Но что такое все ее происки! Они для него — мышиный писк. Он догадывается, что ей больше и делать-то нечего, как сеять козни. В этом ее закон и пророки. Однако — вот что выступило как нечто непредвиденное и повергало его в полнейшее недоумение: откуда-то, с другой стороны, пошли уже и н ы е. Пошли не маленькие чревоугоднички, рассказывающие о его бедных людях и будто бы чахлых чувствах, пошли прославленные паладины литературы, которым давно рукоплещут прекрасные дамы (вот тут-то речь про вас, Иван Сергеевич, — думает Достоевский). Пошли неистовые рыцари правды, с износившимися шпагами, готовые спровадить к черту в зубы решительно всех, в том числе и его…
И Федор Михайлович видит сонмы своих «врагов», бывших вчера еще друзьями: Тургенев, Краевский, Некрасов, Соллогуб, который недавно сам заезжал к нему и все чего-то допытывался… даже Григорович — все они зачислены им в категорию «неверных». И от них он не ждет пощады и уж не видит никаких поздравительных улыбок.

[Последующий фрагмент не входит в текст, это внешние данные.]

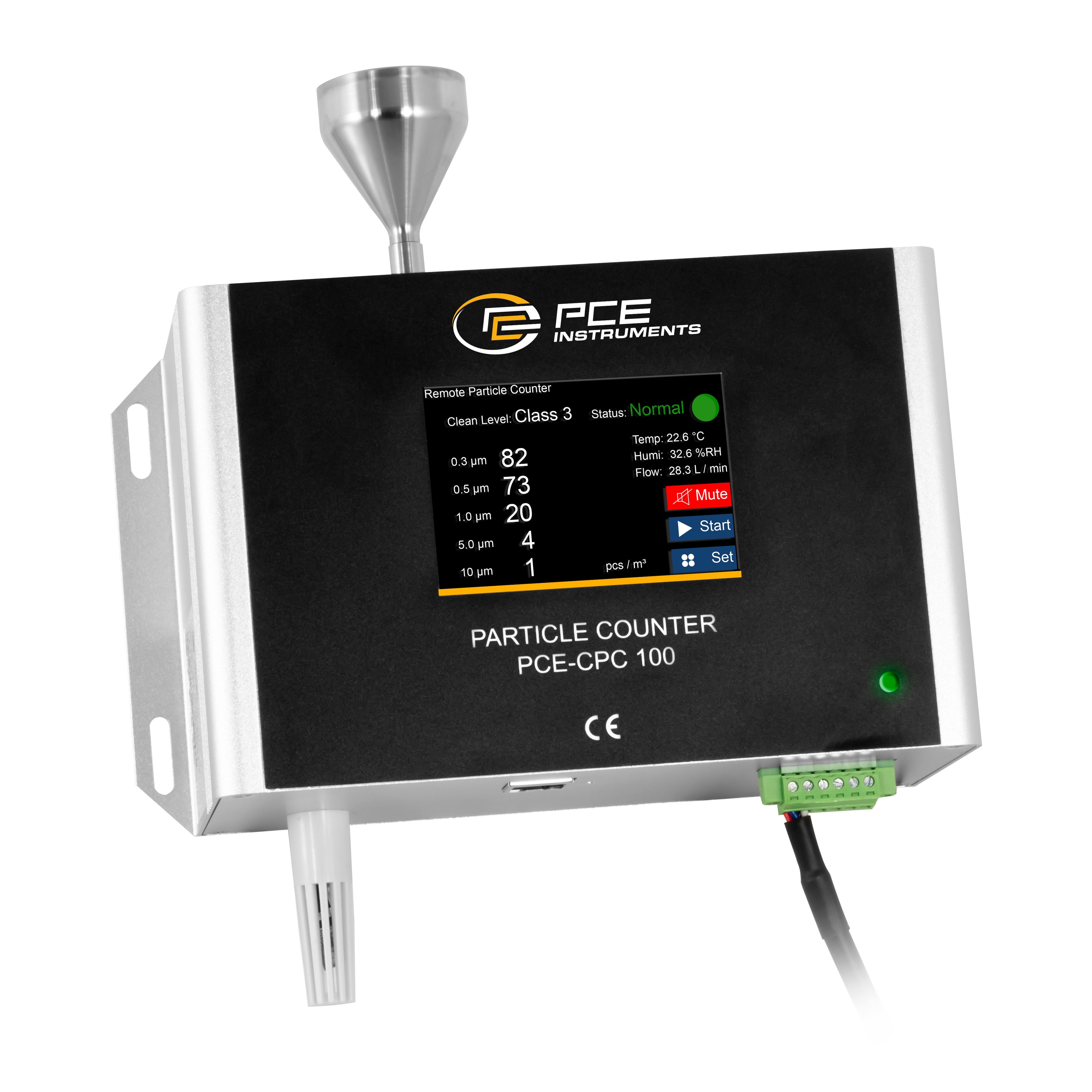 Lieferumfang | 1 x Reinraum-Partikelzähler PCE-CPC 1001 x isokinetische Sonde1 x Schlauch ca. 3 m1 x Netzkabel1 x Netzteil 24 V / 5 A1 x Bedienungsanleitung |
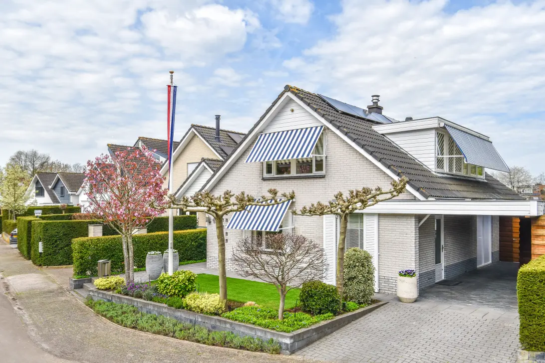 De tuin rondom biedt volop privacy, groen en ruimte. De huidige eigenaren noemen hun huis met een knipoog ‘Toffe Peren’, een verwijzing naar de mooie perenbomen die in de tuin staan. Er is altijd wel een plek in de zon te vinden — of juist een schaduwrijke hoek om te ontspannen. De carport is voorzien van stroom, handig voor het plaatsen en opladen van (elektrische) fietsen onder de overkapping. Op eigen terrein is er ruimte om twee tot drie auto’s te parkeren.
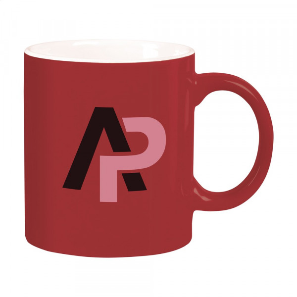 Mok van hoogwaardig keramiek. In geheel wit óf met gekleurde buitenzijde. Inhoud 350 ml. Vaatwasserbestendig. De opdruk is vaatwasmachine getest en gecertificeerd: EN 12875-2.

Жестокая подозрительность совершенно овладела Федором Михайловичем. Он безмерно жаждал наплыва самоотверженных чувств, воспылал надеждами на Белинского, стал боготворить Тургенева, привязался к Некрасову. И вдруг слышит толки, в которых — одна зависть и несправедливость, злая игра самолюбий и претензий. Он силился объяснить, как это под наружным блеском родятся интриги и какая нужда, или хитрость, или мизерность чувств порождают двуличие. Он потому и заторопился с новой повестью, чтобы на художественных примерах разобрать свои недоумения и объяснить разные неповоротливые и коварные человеческие мысли.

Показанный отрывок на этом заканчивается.